The process described above is a direct position measurement process in which the abc system of axes is directly located with respect to the XYZ system of axes. An extension of this process is the indirect measurement process illustrated for the light ray generator 10 in FIG. 7. In this case the light ray generator 10 is replaced by the steerable single ray scanner 80.

In the first step, the scanner 80 directs the light ray 50 to sequentially intersect a number of visible imaging sensors 22 on the support frame 20. This process locates the abc system of axes relative to XYZ system of axes as described earlier. In the second step, the scanner 80 directs the light ray 50 to sequentially intersect a number of visible imaging sensors 22 on the secondary ring 60. This process locates the pqr system of axes relative to the scanner 80 and so the pqr system of axes to the XYZ system of axes.

Typically a robot arm includes a wrist mechanism that incorporates two different rotation axes, and then a flange to which tools may be attached. Hence the approach described in relation to the scanner 80 may instead be carried out by simply mounting a laser to such a flange of a robot. Alternatively a laser may be mounted on a position on the tool or on an object that is supported by the flange. A similar calibration would then be required, relative to axes abc that are fixed relative the base of the wrist mechanism.
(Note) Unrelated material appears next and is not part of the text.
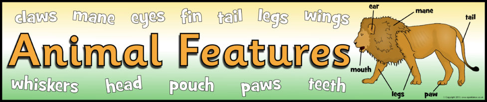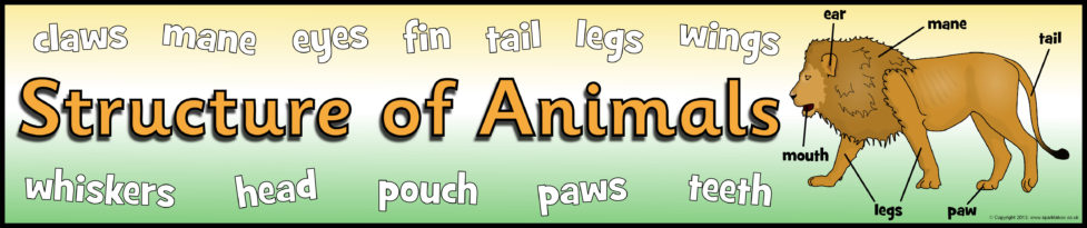 Printable banners with the titles, ‘Animal Features’ and ‘The Structure of Animals’ with words naming common animal parts.

The conventional wrist mechanism can then be used to direct the laser beam successively on to three or more imaging sensors 22 on the base ring 20. The encoders associated with the wrist motors enable the paths of the light rays to be determined relative to the base of the wrist mechanism, and so this procedure enables the position of the base of the wrist mechanism to be monitored relative to the XYZ axes.

Claims

1. An apparatus for making positional measurements of a robot arm, the apparatus comprising a light ray projector arranged to emit light rays along a multiplicity of distinct paths that are known relative to the projector, the projector being mounted on the robot aim; a support frame carrying a multiplicity of image sensors at fixed positions relative to the support frame; and means connected to the image sensors to determine the positions, relative to the support frame, at which light rays are incident on the image sensors, and hence to determine positional information of a system of axes associated with the projector relative to the support frame.

2. An apparatus as claimed in claim 1 wherein the light ray projector comprises a multiplicity of light sources.

3. An apparatus as claimed in claim 1 wherein the light ray projector emits more than 10 light rays.

4. An apparatus as claimed in claim 1 wherein the light ray projector emits a single ray of light, and is mounted on a scanning mechanism so that the light rays along the distinct paths are generated successively.

5. An apparatus as claimed in claim 1 wherein the image sensors comprise pixelated sensors comprising CCD or CMOS active-pixel sensing chips.

6. An apparatus as claimed in claim 5 wherein each image sensor comprises a plurality of adjacent imaging chips.

7. An apparatus as claimed in claim 1 wherein both the light ray projector and the support frame carry optical reference elements, or means to attach optical reference elements.

8. An apparatus as claimed in claim 7 wherein the optical reference elements are spherically mounted retroreflectors.

9. An apparatus as claimed in claim 1 also comprising a secondary support frame carrying a multiplicity of light sensors at fixed positions relative to the secondary support frame.

10. (canceled)

11. A method for making positional measurements, using a light ray projector arranged to emit light rays along a multiplicity of distinct paths that are known relative to the projector, and a support frame carrying a plurality of image sensors.

12. A method as claimed in claim 11 wherein the positional measurements are of the position of the light ray projector relative to a system of axes associated with the support frame.